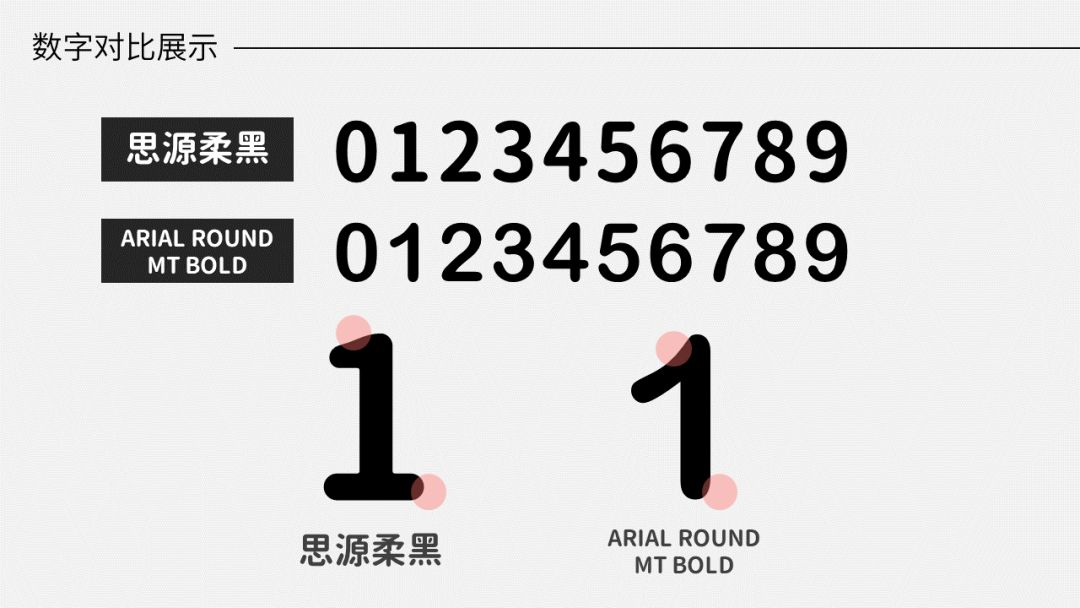 同样地,Arial-Round 的数字比思源柔黑显得更加优美,也更契合「圆柔」这一特点。
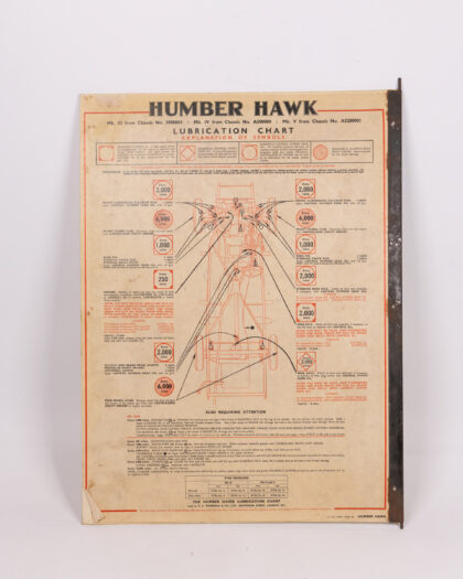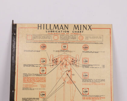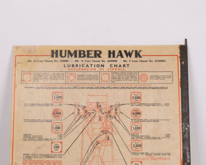 Vintage double-sided lubrication chart for Hillman Minx and Humber Hawk cars. Ideal for collectors or car enthusiasts.
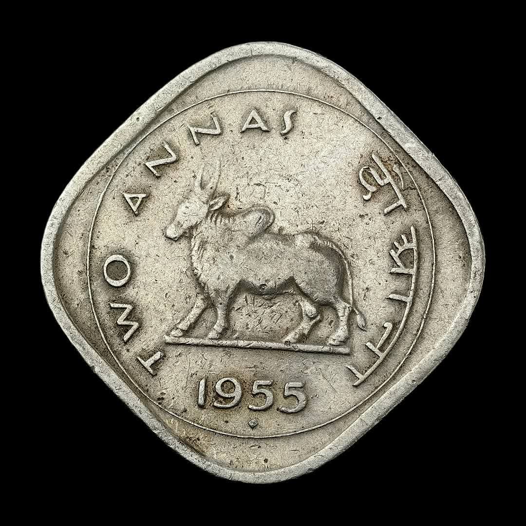 two anna 1955 bombay mint rare
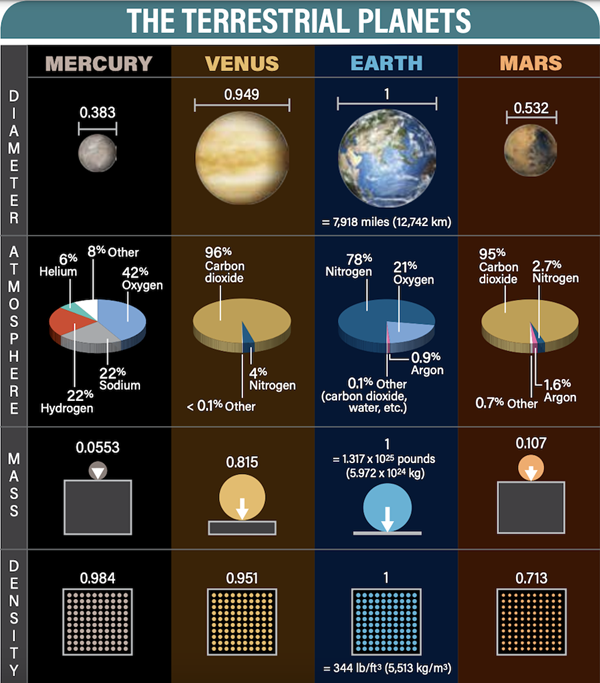 We do know that Venus rotates retrograde, or backward, compared to its orbital motion around the Sun — the only planet to do so. Although its core is still hot, like Earth’s, Venus has no plate tectonics. Its oppressively thick atmosphere is about 96 percent carbon dioxide, 4 percent nitrogen, and less than 0.1 percent other gases. Earth has a comparatively light atmosphere consisting of 78 percent nitrogen, 21 percent oxygen, and 1 percent other gases.
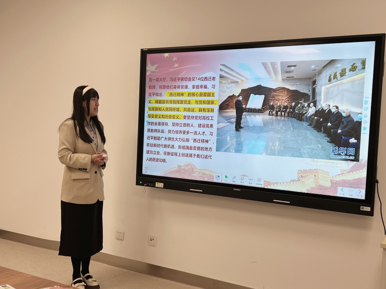 随后,支部成员共同观看西迁老教授口述访谈微视频,从西迁老教授的视角追溯回忆西迁往事,了解西迁前辈的求学生活、工作经历、西迁创业等方面的故事,聆听西迁前辈的亲切话语,重温那一段激情燃烧的岁月。观看视频过后,支部书记于欣欣分享了拜访西迁老教授卢志林的经历。卢志林老师已88岁高龄,1956年参加工作,1956年7月随原交通大学西迁至西安,担任污污漫
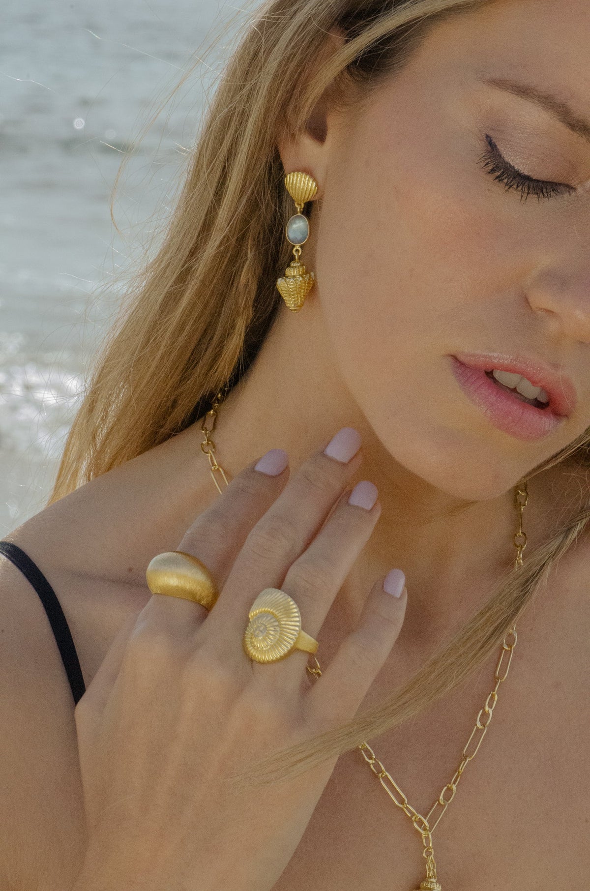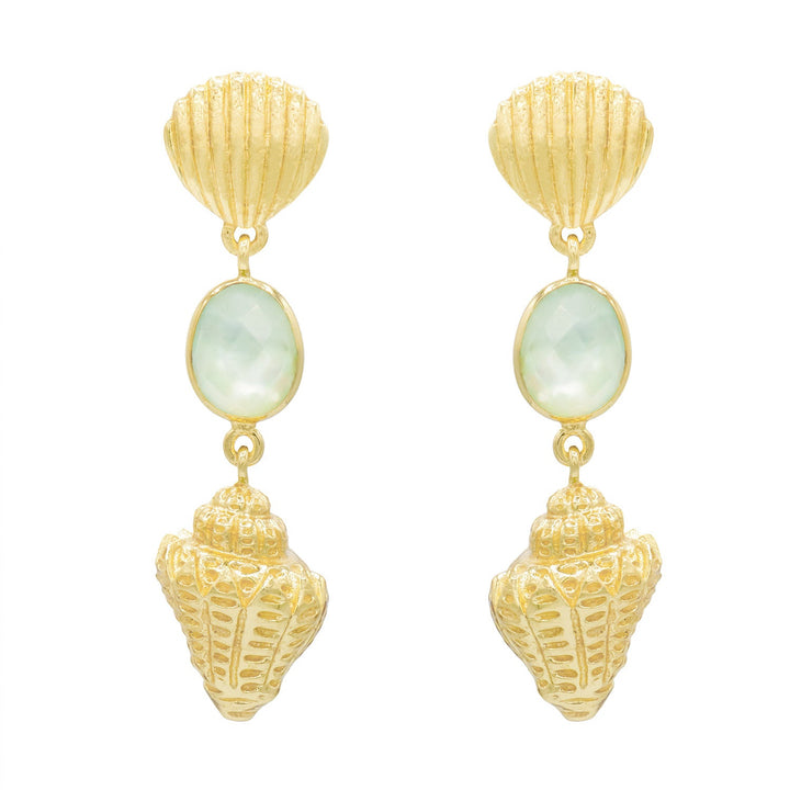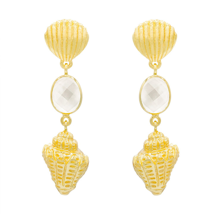 The Moray Earrings by Marcia Moran are fun and playful, featuring a 24k gold-plated seashell design with a gemstone attached in the middle. Measuring 2 inches, these earrings are perfect for adding a touch of the ocean to your look.
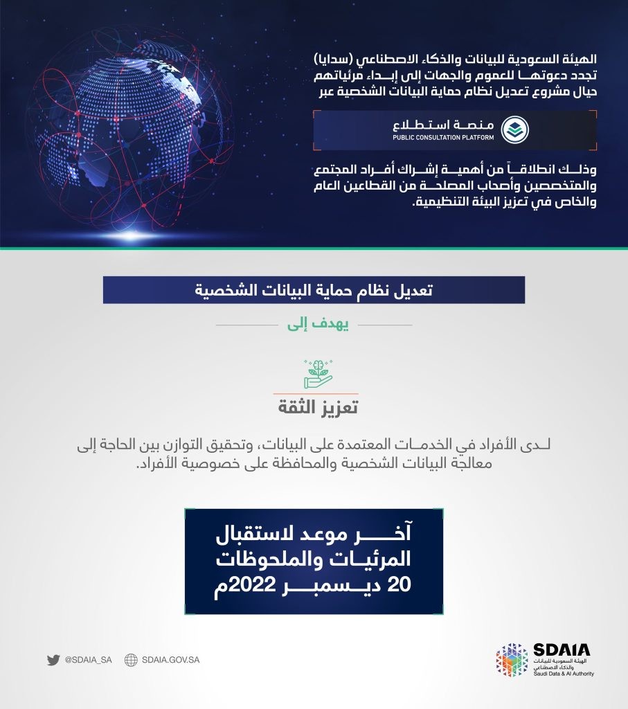 جددت الهيئة السعودية للبيانات والذكاء الاصطناعي (سدايا) دعوتها لعموم الأفراد والجهات لإبداء مرئياتهم حول مشروع تعديل نظام حماية البيانات الشخصية، من خلال المنصة الإلكترونية الموحدة لاستطلاع آراء العموم والجهات (منصة استطلاع) التابعة للمركز الوطني للتنافسية وذلك في موعد أقصاه 20 / 12 /2022م، سعياً من الهيئة إلى تحقيق أعلى درجات الشفافية وإشراك العموم والجهات في دعم وتطوير البيئة التنظيمية لقطاع البيانات في المملكة.
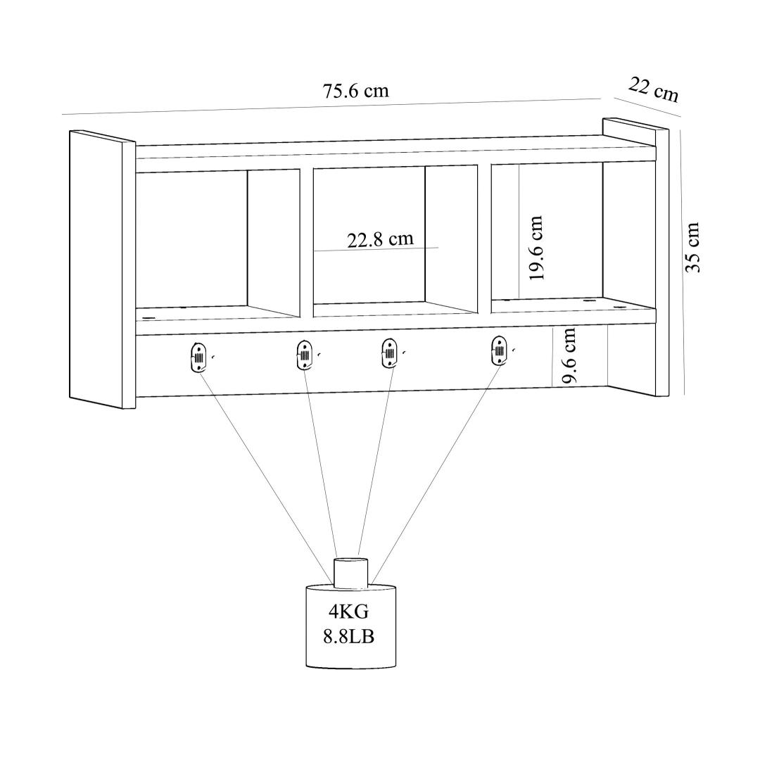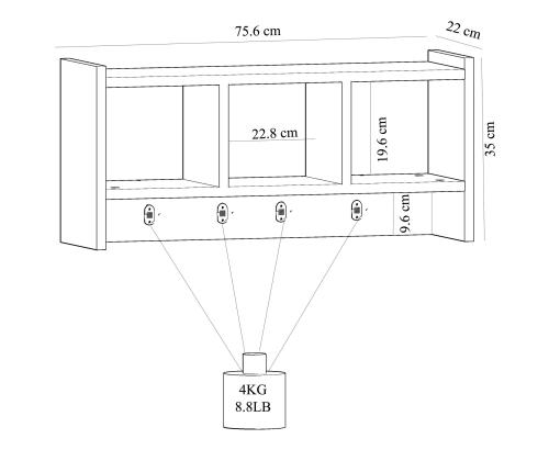 Width: 75,6 cm Height: 35 cm Depth: 22 cm

===

• Work to complete:
Beginning with the first line of the entries above, repeat each line word for word until the line with "two anna 1955 bombay mint rare" has been given too. Omit the pictures.

• Problem solution:
 同样地,Arial-Round 的数字比思源柔黑显得更加优美,也更契合「圆柔」这一特点。
 Vintage double-sided lubrication chart for Hillman Minx and Humber Hawk cars. Ideal for collectors or car enthusiasts.
 two anna 1955 bombay mint rare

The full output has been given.